高速道路以外にも,一般国道2号のバイパスを有料の県道として整備した欽明路道路(30年くらい前に無料開放)というのもある.
そういったアイデアが新幹線ネットワークにあってもいいと思うんだが,「常識」の通じない頭の固いセクションがあると実現しにくいかも.
山形新幹線については最近もさらに別のトンネルの建設を要望する記事があったが,米沢盆地と山形盆地の間の山地部分あたりかな?
トラムの線路ができあがったものの,まだ使用開始できていないスペイン南部のハエン.鉄道ネットワーク的には,マドリードとセビリアを結ぶ幹線から枝分かれするような位置にある.そして,マドリードとセビリアを結ぶ幹線には,現在はAVE,つまり高速新線が整備されている.
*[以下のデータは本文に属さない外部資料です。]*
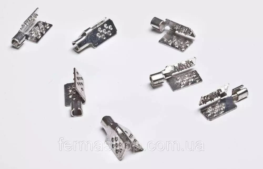 Сполучні кліпси виготовлені зі спеціального медного сплаву, ідеально підходять для організації контакту медної смуги нагрівача з електричною проволокою. Кліпси поставляються безпосередньо виробником нагрівальної плівки і тільки при їх (правильному) використанні гарантується тривалий термін роботи інфракрасного пленочного нагрівача.
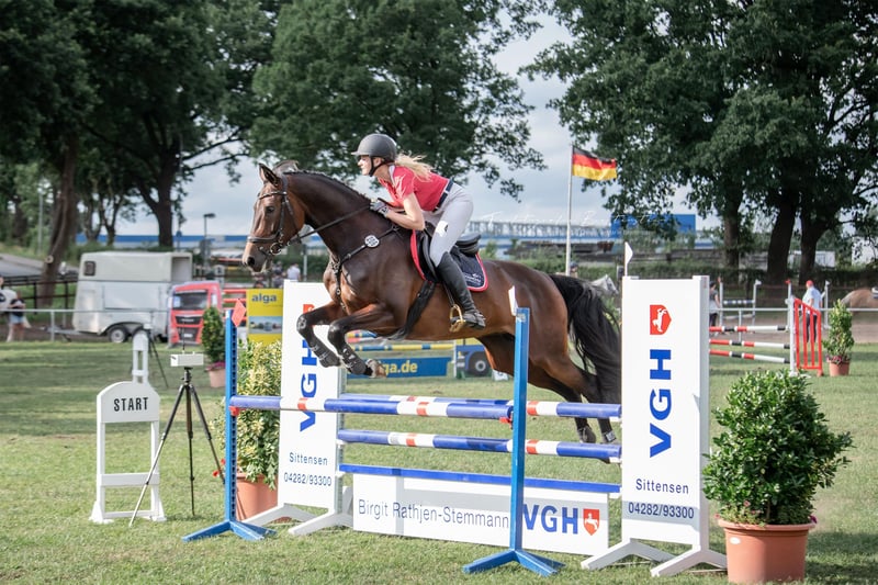 Auch für Wiedereinsteiger geeignet! Schweren Herzens habe ich mich dazu entschieden meine 11-jährige Holsteiner Stute zu verkaufen, da ich auf Grund von Zeitmangel den Reitsport aufgeben werde. Jette ist 1,68m groß und wurde von mir auf dem Turnier in Springprüfungen bis zur Klasse L vorgestellt. Zusätzlich wurde Sie von einem 14-jährigen Mädchen in Reiterwettbewerben und E-Dressuren/Springen vorgestellt. Dadurch verfügt sie über eine solide Grundausbildung und ausreichend Routine. In letzter Zeit habe ich meine Prioritäten auf die Platzarbeit und ausgiebige Ausritte gelegt auch Bodenarbeit findet Jette interessant und lernt dort sehr schnell. Sie geht allein und in der Gruppe ins Gelände und genießt lange Ausritte. Ich wünsche mir für Jette ein Zuhause in dem Sie als Freizeitpartner betrachtet und nicht als reines Sportpferd behandelt wird. Unter dem Reiter ist Sie brav und fein an den Hilfen, benötigt jedoch gelegentlich eine klare Führung, weshalb ich Sie nicht als reines Anfängerpferd empfehlen würde. Sie wird regelmäßig entwurmt und dem Hufschmied vorgestellt, sowie routinemäßig von der Osteopathin betreut. Zudem ist sie im Januar frisch geimpft, und die Zähne wurden ebenfalls im Januar behandelt. Es liegen keine gesundheitlichen Einschränkungen vor. Durch die Aufgabe des Reitsports kann das Equipment auf Wunsch gern mit übernommen werden. Es gilt absolut Platz vor Preis!
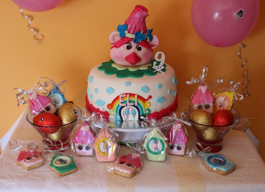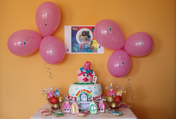 El 29 de marzo mi hija pequeño hizo 9 años y para su celebración le hice esta mesa, después de cambiar y cambiar el tema de su cumple al final escogió los trolls y como protagonista Poppy.
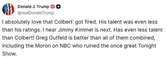 Дональд Трамп часто критиковал ведущих вечерних телешоу. После отмены шоу Стивена Колберта в июле, Трамп опубликовал пост, в котором выразил радость по поводу ухода Колберта, назвав его талант и рейтинги плохими. Он также предсказал, что следующим будет Джимми Киммел, утверждая, что у Киммела еще меньше таланта, чем у Колберта. Трамп похвалил Грега Гаффельда, сказав, что он лучше всех их, и раскритиковал нынешнего ведущего Tonight Show на NBC, назвав его «Идиотом» и обвинив в том, что он испортил шоу.
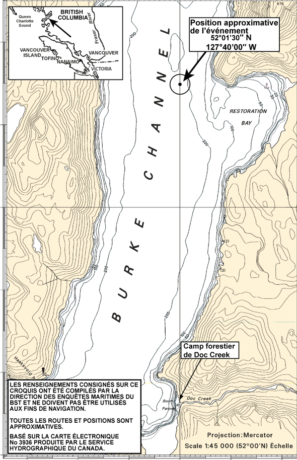 À 18 h 30Note de bas de page 3 le 29 octobre 2008, le Jumbo B rentre au camp forestier de Doc Creek après s'être rendu à un site situé sur l'île King (C.-B). Il transporte environ 1250 kg de cônesNote de bas de page 4 chargés en pontée dans l'axe longitudinal du navire.
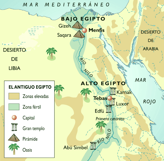 Encerrado entre el mar y el desierto, corre el río Nilo formando un valle en donde floreció una de las civilizaciones más interesantes y misteriosas del antiguo mundo. Los pueblos que habitaron a lo largo del curso del río Nilo estaban formados por grupos procedentes de diferentes partes. Esta población en su mayoría se concentró en dos zonas denominadas; Alto Egipto y Bajo Egipto. Allí se desarrollaron dos estados independientes.
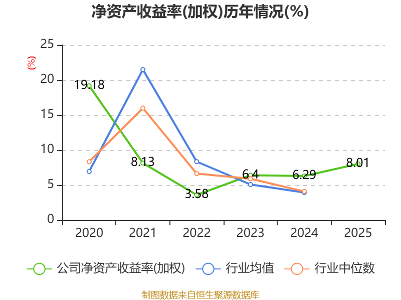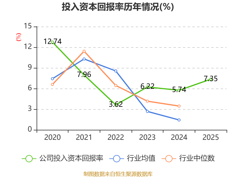 数据显示,2025年公司加权平均净资产收益率为8.01%,较上年同期上升1.72个百分点。公司2025年投入资本回报率为7.35%,较上年同期上升1.61个百分点。

さて,このハエンからマドリードに向かうには,「並行在来線」を走る急行列車に乗るか,コルドバまで行ってAVEに乗るかなんだが,乗換を含めての所要時間はどちらもほぼ同じ.4時間弱かかる.
ハエン駅発マドリード行き.マドリードのターミナル駅はアトーチャ駅のことが多いが,この列車は広軌の在来幹線を走るので,近郊列車駅のアトーチャ・セルカニアス駅に達し,そのまま近郊線の地下線を通ってチャマルティン駅まで行く.
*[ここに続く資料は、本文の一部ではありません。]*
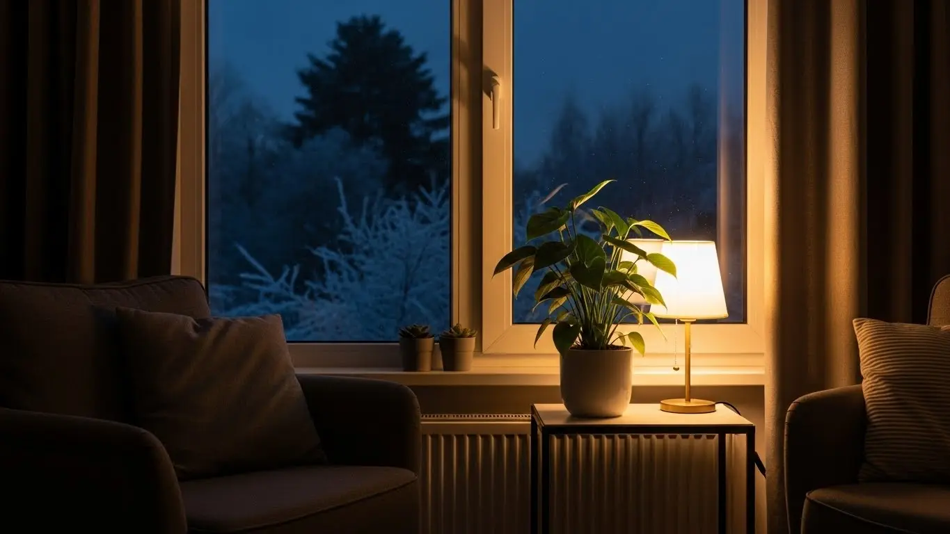 多くの観葉植物は10℃を下回ると成長が止まり、5℃以下になると細胞が壊死して枯れてしまいます。昼間は暖房で暖かくても、夜間や早朝に急激に冷え込む窓際は危険地帯です。夕方以降は、窓から離れた部屋の中央や、高い位置(冷気は床に溜まるため)に移動させてください。
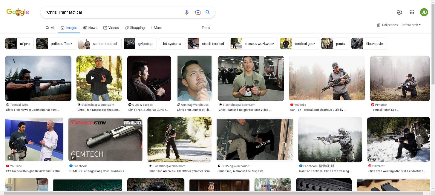 If you search “Chris Tran tactical” in Google, you get his Insta and articles he wrote in several blogs. Click the “image” tab, and you will see multiple clear front-facing photos of Brownlee.

オリーブ畑になっている丘陵地帯を,ほぼ等高線に沿って単線の線路が敷かれており,線形ははっきり言って悪い.
架線柱が建っているので,線路だな.どうやら線形改良工事をしている模様.
…そして現在線と合流.
スペインでは高速新線の工事が日本の新幹線の約3倍のペースで進んでいるが,それだけにとどまらず,「並行在来線のさらに枝線」でも線路改良をしている.
…で,日本の在来線はと言うと,朽ちて廃れるのを待っているのかな?
山形新幹線の福島県境部の抜本的な防災対策に関し、トンネル新設の概算事業費を1500億円と試算したJR東日本の調査結果を踏まえ、吉村美栄子知事は1日、JR東日本本社(東京)で冨田哲郎社長と面談し、トンネル整備の早期事業化を要望した。
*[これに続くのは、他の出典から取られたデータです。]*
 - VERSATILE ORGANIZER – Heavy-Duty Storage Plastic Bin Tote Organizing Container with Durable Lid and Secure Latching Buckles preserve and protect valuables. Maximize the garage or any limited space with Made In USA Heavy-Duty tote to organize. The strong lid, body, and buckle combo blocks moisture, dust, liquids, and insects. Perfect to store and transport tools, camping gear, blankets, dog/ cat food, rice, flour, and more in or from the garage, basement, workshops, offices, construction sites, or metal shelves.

情報源: 福島県境のトンネル新設、JR東に事業化要望 吉村知事|山形新聞
ちょっと前の新聞記事.まだリンクつながってるかな.
山形新幹線は「新幹線」なのにすぐ止まるという話をしたが,手をこまねいているわけでは無さそう.
福島-山形間の県境,つまり板谷峠に新しいトンネルを掘って「山形新幹線最弱伝説」を返上しようとしているようだ.
この区間は全幹法に基づく基本計画区間でもあるので,この際トンネルを掘るなら将来を見越してフル規格新幹線電車の走行が可能な形で掘るのが当然だろうとは思う.
短期的な目先の支出にとらわれるのか,それとも長期的な出戻り作業を避ける形で建設するのか,注目の案件だな.